Immer wichtiger werden bei einem verschärften Wettbewerb innovative Wege zur Konsumentenfindung- und bindung, aber auch Kostenreduzierungen. Und das Beenden der immer noch stattfindenden Wertevernichtung durch so genannte Dauerniedrigpreise. Gewinnen wird nicht mehr unbedingt der Große, sondern der Schnellere.

Die Zielsetzung sollte sein: ein Hochleistungsunternehmen zu schaffen und sich auf die Kernkompetenzen zu konzentrieren. Laut GfK haben die deutschen Haushalte im 1. Halbjahr 2000 23,3 Millionen Hektoliter Bier eingekauft. Dieses entspricht der Hälfte des letztjährigen Gesamtabsatzes. Hierbei bestreiten Verbrauchermärkte und Discounter mittlerweile schon 35,5 Prozent.

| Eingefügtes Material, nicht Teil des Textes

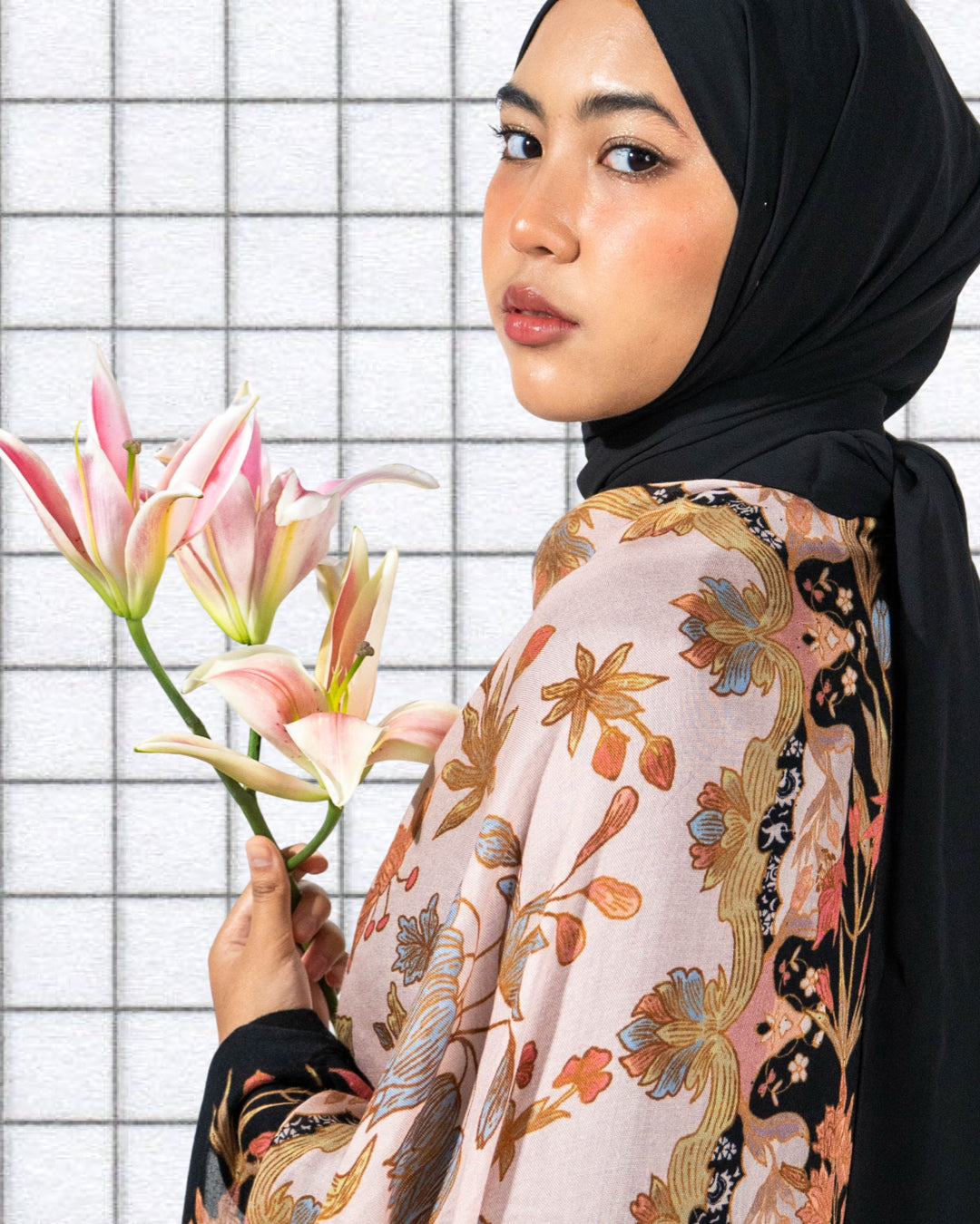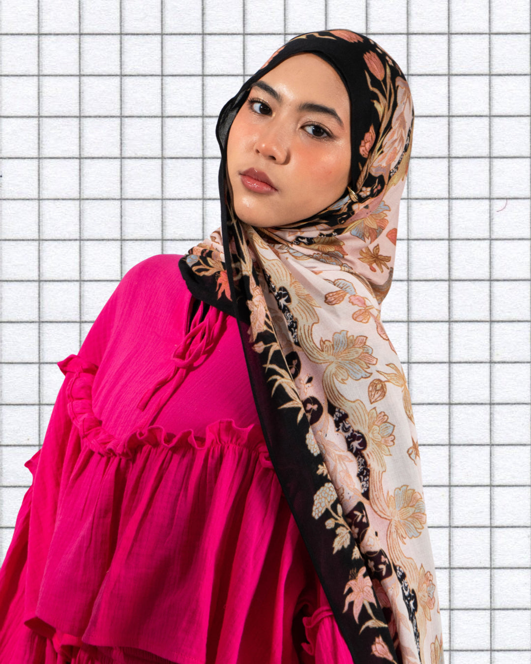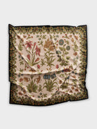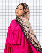 On Korean chiffon, the motifs stand crisp and high-contrast. On Soof modal, the dark border softens into a matte frame, while colours diffuse gently into the ivory ground for a quieter textile effect.

Die Discounter (ohne Aldi) erhöhten den Marktanteil auf zwölf Prozent, denn die Literpreise dieser Billiganbieter lagen rund 19 Prozent unter dem Branchendurchschnitt und verbilligten sich gegenüber dem Vorjahr erneut um vier Prozent. Als dramatisch bezeichnete Roiger die Entwicklung im traditionellen LEH. Die Marktbedeutung für Bier in diesem Segment beträgt nur noch knapp 23 Prozent.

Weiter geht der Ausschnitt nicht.